Yan Liben was about to leave after his famous painting of “three Gu”. The abbot of the temple told him that there was a picture of drunk monk by Zhang sengyao in the nearby Taoist temple, which was vividly painted. Taoists often used this picture to laugh at monks. You just learned the skill of Zhang sengyao in painting figures. Could you please draw a picture for us.

After listening to this, Yan Liben, with some black humor, immediately drew a picture of drunken Taoist priest and left it in the temple to “PK” with Zhang sengyao.



? the image of Yan Liben in film and television plays. Source: TV stills

After integrating and absorbing the painting style of the northern and Southern Dynasties, Yan Liben has many talents. He is good at painting Taoist interpretation, figures, landscapes, pommel horses and other subjects. He is especially famous for portrait painting. He is good at depicting the spiritual appearance of figures, with round strokes and vivid charm.

During the reign of Emperor Taizong of the Tang Dynasty, Yan Liben was the number one “photographer” for the monarchs and ministers of Zhenguan. He was ordered to create portraits for the meritorious heroes of the founding of the country many times, such as the painting of 18 scholars in the Qin mansion and the painting of 24 meritorious heroes in the Lingyan Pavilion, which painted the famous ministers and generals under Emperor Taizong of the Tang Dynasty. The images were lifelike and vivid. Therefore, he was praised as “the apotheosis of painting and painting”.
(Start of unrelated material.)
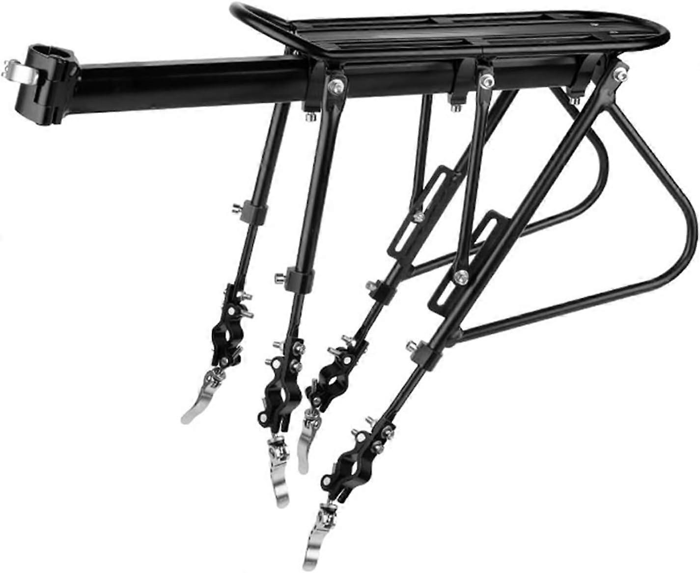 1.1: The back frame is made of quality hard aluminum alloy with 5point fixing and 6point support, ensuring a stable structure and strong loadbearing capacity. The thickened tube diameter is approximately 10 mm. 2.2: This bike rack features a widened rear bracket that effectively protects your items and bike bags from tire scratches or rolling into the wheels. 3.3: It can support loads of up to 100kg when the screws are tightened. The bicycle pannier rack meets all your daily carrying needs, allowing you to use it with confidence. 4.4: The rear frame of this bike adopts a quickrelease design. The quickrelease main carrier is easy to install and remove, and it comes with nonslip seals to prevent scratches on the seat tube.

N years later, Dufu also recited the portrait of Lingyan Pavilion in “Dan Qing Yin”: “a good prime minister is crowned with a crown of excellence, and a fierce general has a big feather arrow around his waist. The commendatory Duke (Qin Qiong) and the Duke of E (Yuchi Gong) Mao launched a valiant fight.” These works are of great historical value, but most of them have long disappeared.
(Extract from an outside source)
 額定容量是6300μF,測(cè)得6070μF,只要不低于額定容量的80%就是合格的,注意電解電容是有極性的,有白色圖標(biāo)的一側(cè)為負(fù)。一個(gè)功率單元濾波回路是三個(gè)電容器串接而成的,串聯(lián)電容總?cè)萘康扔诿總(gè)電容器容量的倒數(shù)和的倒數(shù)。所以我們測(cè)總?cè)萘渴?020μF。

Today, the palace tombs built by the Yan brothers for the Tang Dynasty have long disappeared with the wind, but Yan Liben’s paintings have been collected in major museums. Later generations can trace the era he described from the paintings.

It is said that the painting of emperors of previous dynasties, which was painted by Yan Liben, is the representative work of his portrait paintings. The personality characteristics of the portraits of thirteen emperors in the painting show the mental states of different historical figures.

This scroll is composed of each emperor separately, namely: Liu Fuling, Emperor Zhao of the Han Dynasty, Liu Xiu, Emperor Guangwu of the Han Dynasty, Cao Pi, Emperor Wen of the Wei Dynasty, Liu Bei, Lord Shu, Sun Quan, Emperor Wu of the Wu Dynasty, simayan, Emperor Wu of the northern Zhou Dynasty, yuwenyong, Emperor Wen of the Chen Dynasty, Chen Qian, Emperor Xuan of the Chen Dynasty, Chen Xu, Emperor Fei of the Chen Dynasty, Chen bozong, empress Chen Shubao, Yang Jian of the Sui Dynasty, Yang Guang of the Sui Dynasty.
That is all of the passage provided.